This chapter explains how to quickly review basic statistics about the cohorts you use for analyses.

Once you have finished defining criteria for the cohorts to compare — the
subsets — then click the **Summary Statistics** button.

Note

As an alternative to generating summary statistics, you can view a breakdown of a particular subset by a selected concept (see View Subset Breakdown by Concept).

tranSMART displays tables and charts of information that describe the subsets. The information is displayed in Summary Statistics view in the following sections:

A summary of the criteria used to define subsets to compare.

For example:

A table showing the number of subjects in each subset that match the subset criteria.

For example:

In this example, 58 subjects matched the criteria for Subset 1 and 63 matched the criteria for Subset 2. No (0) subjects matched the criteria for both subsets.

Tables and charts that show how the subjects who match the criteria fit into age, sex, and race demographics.

This example shows the age portion of the demographics data only:

Analyses of the concepts you added to the subsets from the navigation tree.
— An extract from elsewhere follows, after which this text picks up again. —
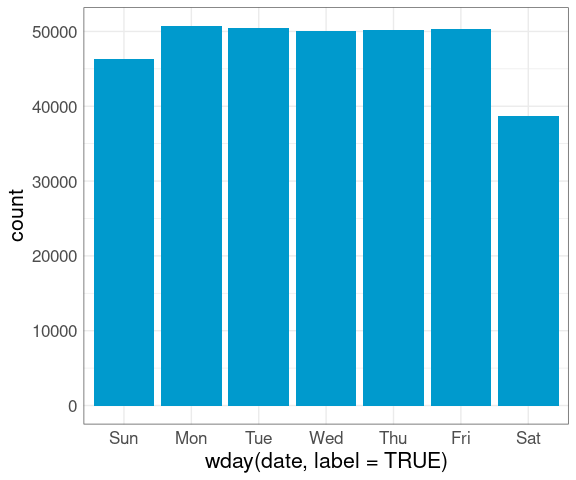 LS0tCnRpdGxlOiAiRGF0ZXMgYW5kIFRpbWVzIgpvdXRwdXQ6CiAgaHRtbF9kb2N1bWVudDoKICAgIHRvYzogeWVzCiAgICBjb2RlX2ZvbGRpbmc6IHNob3cKICAgIGNvZGVfZG93bmxvYWQ6IHRydWUKLS0tCgo8bGluayByZWw9InN0eWxlc2hlZXQiIGhyZWY9InN0YXQ0NTgwLmNzcyIgdHlwZT0idGV4dC9jc3MiIC8+CjxzdHlsZSB0eXBlPSJ0ZXh0L2NzcyI+IC5yZW1hcmstY29kZSB7IGZvbnQtc2l6ZTogODUlOyB9IDwvc3R5bGU+CmBgYHtyIHNldHVwLCBpbmNsdWRlID0gRkFMU0UsIG1lc3NhZ2UgPSBGQUxTRX0Kc291cmNlKGhlcmU6OmhlcmUoInNldHVwLlIiKSkKa25pdHI6Om9wdHNfY2h1bmskc2V0KGNvbGxhcHNlID0gVFJVRSwgbWVzc2FnZSA9IEZBTFNFLAogICAgICAgICAgICAgICAgICAgICAgZmlnLmhlaWdodCA9IDUsIGZpZy53aWR0aCA9IDYsIGZpZy5hbGlnbiA9ICJjZW50ZXIiKQoKc2V0LnNlZWQoMTIzNDUpCmxpYnJhcnkoZHBseXIpCmxpYnJhcnkoZ2dwbG90MikKbGlicmFyeShsYXR0aWNlKQpsaWJyYXJ5KGdyaWRFeHRyYSkKbGlicmFyeShwYXRjaHdvcmspCnNvdXJjZShoZXJlOjpoZXJlKCJkYXRhc2V0cy5SIikpCnRoZW1lX3NldCh0aGVtZV9taW5pbWFsKCkgKwogICAgICAgICAgdGhlbWUodGV4dCA9IGVsZW1lbnRfdGV4dChzaXplID0gMTYpLAogICAgICAgICAgICAgICAgcGFuZWwuYm9yZGVyID0gZWxlbWVudF9yZWN0KGNvbG9yID0gImdyZXkzMCIsIGZpbGwgPSBOQSkpKQpgYGAKCgojIyBCYWNrZ3JvdW5kCgpEYXRhIGFyZSBvZnRlbiBhc3NvY2lhdGVkIHdpdGggYSBwb2ludCBpbiB0aW1lLCBhIHBhcnRpY3VsYXIKCiogeWVhcjsKCiogbW9udGg7CgoqIGRheTsKCiogaG91ciwgbWludXRlLCBzZWNvbmQsIC4uLgoKU29tZSBpc3N1ZXMgd2l0aCBwb2ludHMgaW4gdGltZToKCiogTGVhcCB5ZWFycyBhbmQgbGVhcCBzZWNvbmRzLgoKKiBEYXlsaWdodCBzYXZpbmcgdGltZS4KCiogTG9jYWwgdGltZSBvcgogIFtfQ29vcmRpbmF0ZWQgVW5pdmVyc2FsIFRpbWUKICAgICAgKFVUQylfXShodHRwczovL3d3dy50aW1lYW5kZGF0ZS5jb20vdGltZS9hYm91dHV0Yy5odG1sKS4KCiogRm9yIGhpc3RvcmljYWwgZGF0YTogY2hhbmdlcyBpbiBjYWxlbmRhcnMuCgpSIGhhcyBkYXRhIHR5cGVzIHRvIHJlcHJlc2VudAoKKiBhIHBhcnRpY3VsYXIgZGF0ZSAoYERhdGVgKTsKCiogYSBwYXJ0aWN1bGFyIHNlY29uZCAoYFBPU0lYY3RgLCBkYXRlLXRpbWUpLgoKUiBzdG9yZXMgZGF0ZXMgYXMgZGF5cyBzaW5jZSBKYW51YXJ5IDEsIDE5NzAsIGFuZCBkYXRlLXRpbWVzIGFzIHRoZQp0aGUgbnVtYmVyIG9mIHNlY29uZHMgc2luY2UgbWlkbmlnaHQgb24gdGhhdCBkYXkgaW4KW19Db29yZGluYXRlZCBVbml2ZXJzYWwgVGltZV8KICAgIChVVEMpXShodHRwczovL3d3dy50aW1lYW5kZGF0ZS5jb20vdGltZS9hYm91dHV0Yy5odG1sKS4KCkRhdGUgb2JqZWN0cyBhcmUgbGVzcyBjb21wbGljYXRlZCB0aGFuIGRhdGEtdGltZSBvYmplY3RzLCBzbyBpZiB5b3UKb25seSBuZWVkIGRhdGVzIHlvdSBzaG91bGQgc3RpY2sgd2l0aCBkYXRlIG9iamVjdHMuCgpCYXNlIFIgcHJvdmlkZXMgbWFueSBmYWNpbGl0aWVzIGZvciBkZWFsaW5nIHdpdGggZGF0ZXMgYW5kIGRhdGUtdGltZXMuCgpUaGUgYGx1YnJpZGF0ZWAgcGFja2FnZSBwcm92aWRlcyBhIHVzZWZ1bCBpbnRlcmZhY2UuCgpgYGB7ciwgbWVzc2FnZSA9IEZBTFNFfQpsaWJyYXJ5KGx1YnJpZGF0ZSkKYGBgCgpUaGUKW19EYXRlcyBhbmQgVGltZXNfIGNoYXB0ZXJdKGh0dHBzOi8vcjRkcy5oYWRsZXkubnovZGF0ZXRpbWVzLmh0bWwpCm9mIFtfUiBmb3IgRGF0YSBTY2llbmNlX10oaHR0cHM6Ly9yNGRzLmhhZGxleS5uei8pIHByb3ZpZGVzIG1vcmUKZGV0YWlscy4KCgojIyBDcmVhdGluZyBEYXRlcyBhbmQgVGltZXMKCgojIyMgVG9kYXkgYW5kIE5vdwoKVGhlIGBsdWJyaWRhdGVgIGZ1bmN0aW9uIGB0b2RheSgpYCByZXR1cm5zIHRvZGF5J3MgZGF0ZSBhcyBhIGBEYXRlYCBvYmplY3Q6CgpgYGB7cn0KdG9kYXkoKQpgYGAKCmBgYHtyfQpjbGFzcyh0b2RheSgpKQpgYGAKClRoZSBgbHVicmlkYXRlYCBmdW5jdGlvbiBgbm93KClgIHJldHVybnMgdGhlIGN1cnJlbnQgZGF0ZS10aW1lIGFzIGEKYFBPU0lYY3RgIG9iamVjdDoKCmBgYHtyfQpub3coKQpgYGAKCmBgYHtyfQpjbGFzcyhub3coKSkKYGBgCgpUaGUgcHJpbnRlZCByZXByZXNlbnRhdGlvbiBmb2xsb3dzIHRoZSBpbnRlcm5hdGlvbmFsIHN0YW5kYXJkIGZvciB0aGUKcmVwcmVzZW50YXRpb24gb2YgZGF0ZXMgYW5kIHRpbWVzCihbSVNPODYwMV0oaHR0cHM6Ly9lbi53aWtpcGVkaWEub3JnL3dpa2kvSVNPXzg2MDEpKS4KCkRhdGUgYW5kIGRhdGUtdGltZSBvYmplY3RzIGNhbiBiZSB1c2VkIHdpdGggYWRkaXRpb24gYW5kIHN1YnRyYWN0aW9uOgoKYGBge3J9Cm5vdygpICsgMzYwMCAgIyMgb25lIGhvdXIgZnJvbSBub3cKYGBgCgpgYGB7cn0KdG9kYXkoKSAtIDcgICAjIyBvbmUgd2VlayBhZ28KYGBgCgoKIyMjIFBhcnNpbmcgRGF0ZXMgYW5kIFRpbWVzIEZyb20gU3RyaW5ncwoKU29tZSBjb21tb24gZGF0ZSBmb3JtYXRzOgoKYGBge3J9CmQxIDwtICIyMDI1LTA0LTE1IgpkMiA8LSAiQXByaWwgMTUsIDIwMjUiCmQzIDwtICIxNSBBcHJpbCAyMDI1IgpkNCA8LSAiMTUgQXByaWwgMjUiCmBgYAoKVGhlc2UgY2FuIGJlIGRlY29kZWQgYnkgdGhlIGZ1bmN0aW9ucyBgeW1kKClgLCBgbWR5KClgLCBhbmQgYGRteSgpYDoKCmBgYHtyfQp5bWQoZDEpCmBgYAoKYGBge3J9Cm1keShkMikKYGBgCgpgYGB7cn0KZG15KGQzKQpgYGAKCmBgYHtyfQpkbXkoZDQpCmBgYAoKQnkgZGVmYXVsdCwgdGhlc2UgZnVuY3Rpb25zIHVzZSB0aGUgY3VycmVudCBfbG9jYWxlXyBzZXR0aW5ncyBmb3IKaW50ZXJwcmV0aW5nIG1vbnRoIG5hbWVzIG9yIGFiYnJldmlhdGlvbnMuCgpgYGB7cn0KU3lzLmdldGxvY2FsZSgiTENfVElNRSIpCmBgYAoKSWYgeW91IG5lZWQgdG8gcGFyc2UgYSBGcmVuY2ggZGF0ZSB5b3UgbWlnaHQgdXNlCgpgYGB7cn0KZG15KCIxNSBBdnJpbCwgMjAyNSIsIGxvY2FsZSA9ICJmcl9GUi5VVEYtOCIpCmBgYAoKRGF0ZS10aW1lcyBjYW4gYmUgZGVjb2RlZCB3aXRoIGZ1bmN0aW9ucyBsaWtlIGBtZHlfaG1gOgoKYGBge3J9Cm1keV9obSgiQXByaWwgMTUsIDIwMjUsIDY6MTUgUE0iKQpgYGAKCm9yCgpgYGB7cn0KbWR5X2htcygiQXByaWwgMTUsIDIwMjUsIDY6MTU6MDggUE0iKQpgYGAKCkJ5IGRlZmF1bHQgdGhlc2UgYXNzdW1lIHRoZSB0aW1lIGlzIHNwZWNpZmllZCBpbiB0aGUgVVRDIHRpbWUgem9uZS4KCgojIyMgQ3JlYXRpbmcgRGF0ZXMgYW5kIFRpbWVzIGZyb20gQ29tcG9uZW50cwoKRGF0ZXMgY2FuIGJlIGNyZWF0ZWQgZnJvbSB5ZWFyLCBtb250aCwgYW5kIGRheSBieSBgbWFrZV9kYXRlKClgOgoKYGBge3J9Cm1ha2VfZGF0ZSgyMDI1LCA0LCAxNSkKYGBgCgpDcmVhdGluZyBhIGBkYXRlYCB2YXJpYWJsZSBmcm9tIHRoZSBgeWVhcmAsIGBtb250aGAsIGFuZCBgZGF5YAp2YXJpYWJsZXMgaW4gdGhlIE5ldyBZb3JrIENpdHkgYGZsaWdodHNgIHRhYmxlOgoKYGBge3J9CmxpYnJhcnkobnljZmxpZ2h0czEzKQpmbCA8LSBtdXRhdGUoZmxpZ2h0cywKICAgICAgICAgICAgIGRhdGUgPSBtYWtlX2RhdGUoeWVhciwgbW9udGgsIGRheSkpCmBgYAoKYGdncGxvdGAgYW5kIG90aGVyIGdyYXBoaWNzIHN5c3RlbXMga25vdyBob3cgdG8gbWFrZSB1c2VmdWwgYXhpcwpsYWJlbHMgZm9yIGRhdGVzOgoKYGBge3IsIGNsYXNzLnNvdXJjZSA9ICJmb2xkLWhpZGUifQpnZ3Bsb3QoY291bnQoZmwsIGRhdGUpKSArCiAgICBnZW9tX2xpbmUoYWVzKHggPSBkYXRlLCB5ID0gbikpCmBgYAoKV2Vla2RheS93ZWVrZW5kIGRpZmZlcmVuZXMgYXJlIGNsZWFybHkgdmlzaWJsZS4KCkRhdGUtdGltZXMgY2FuIGJlIGNyZWF0ZWQgZnJvbSB5ZWFyLCBtb250aCwgZGF5LCBob3VyLCBtaW51dGUsIGFuZCBzZWNvbmQKdXNpbmcgYG1ha2VfZGF0ZXRpbWUoKWA6CgpgYGB7cn0KbWFrZV9kYXRldGltZSgyMDI1LCA0LCAxNSwgMTgsIDE1KQpgYGAKCkFuIGF0dGVtcHQgdG8gcmVjcmVhdGUgdGhlIGB0aW1lX2hvdXJgIHZhcmlhYmxlIGluIHRoZSBmbGlnaHRzIHRhYmxlOgoKYGBge3J9CmZsIDwtIG11dGF0ZShmbCwKICAgICAgICAgICAgIHRoID0gbWFrZV9kYXRldGltZSh5ZWFyLCBtb250aCwgZGF5LAogICAgICAgICAgICAgICAgICAgICAgICAgICAgICAgIGhvdXIpKQpgYGAKClRoaXMgZG9lcyBub3QgcXVpdGUgcmUtY3JlYXRlIHRoZSBgdGltZV9ob3VyYCB2YXJpYWJsZToKYGBge3J9CmlkZW50aWNhbChmbCR0aCwgZmwkdGltZV9ob3VyKQpgYGAKCmBgYHtyfQpmbCR0aFsxXQpmbCR0aW1lX2hvdXJbMV0KYGBgCgpCeSBkZWZhdWx0LCBgbWFrZV9kYXRldGltZSgpYCBhc3N1bWVzIHRoZSB0aW1lIHBvaW50cyBpdCBpcyBnaXZlbiBhcmUgaW4gVVRDLgoKVGhlIGB0aW1lX2hvdXJgIHZhcmlhYmxlIGlzIHVzaW5nIGxvY2Fs

The data displayed reflects the data used to generate the summary statistics.

The next examples show analysis of concepts for a non-linked event, a linked event, and NGS data.

The analyses include the results of significance testing that Analyze performs:

Significance testing is designed to indicate whether the reliability of the statistics is 95% or greater, based on p-value.

Analyze calculates the significance result using either t-test or chi-squared statistics to determine the p-value:

For continuous variables (for example, subject weight or age), a t-test compares the observed values in the two subsets.

For categorical values (for example, diagnoses), a chi-squared test compares the counts in the two subsets.

See this for the Java methods that calculate the chi-squared and t-test statistic.

If there is not enough data to calculate a test, Analyze displays a message indicating the insufficient quantity of data. In addition, significance test results are not displayed in the following circumstances:

If two identical subsets are defined. In this case, the significance test results are not meaningful.

If all subjects in the first subset have one set of values for the categorical value and all subjects in the second subset have other categorical values. For example, suppose you set Subset 1 to contain only males and Subset 2 to contain only females. If you then try to show statistics by gender, tables similar to the following would result:

In this case, the chi-squared function doesn’t return meaningful results.

Generating summary statistics provides data for all subsets defined by study cohorts. You can view data for a particular subset, however, as follows:

Select a cohort from the navigation tree and drag it into a subset; for example:

Click the

**Summary Statistics**tab.Drag and drop a folder from the navigation tree into the empty page; for example:

tranSMART calculates the results and displays the data for the given subset and concept:

Note

The Summary Statistics allows you to use high dimensional data as well, see HiDome.

Once you establish the subsets of subjects that you want to compare, you
can apply one or more points of comparison to the subsets. A *point of
comparison* is a concept in the navigation tree.

To apply a point of comparison to the subsets:

- You must already have defined the subsets and have generated summary statistics for the subsets, as described in the previous section.
- Drag the concept that you want to introduce as the point of comparison from the navigation tree and drop it anywhere inside the Summary Statistics view.

As soon as you drop the point of comparison into the Summary Statistics view, tranSMART begins to compare the subsets based on that point of comparison. When finished, tranSMART displays a side-by-side summary of how the subjects in each subset match or respond to the point of comparison.

In a comparison of subjects in a psychological study, suppose Subset 1 contains subjects with a substance abuse problem and Subset 2 contains subjects with no substance abuse assessment.

After the subsets are defined and summary statistics are generated, a diagnosis of depression is dropped into the Summary Statistics view as a point of comparison. tranSMART displays a side-by-side comparison of the subjects in each subset, indicating that almost all the subjects with a substance abuse problem have been diagnosed with depression, while that diagnosis for those with no substance abuse problem is more evenly split.

The comparison is placed at the top of the Summary Statistics view, above the demographic definitions plus any other earlier comparisons:

Note

To keep the size of the preceding figure within production limits, the demographics (age, sex, and race) portions of the figure are excluded.

Note

Query details accessed through the **Summary** button do not reflect points of comparison.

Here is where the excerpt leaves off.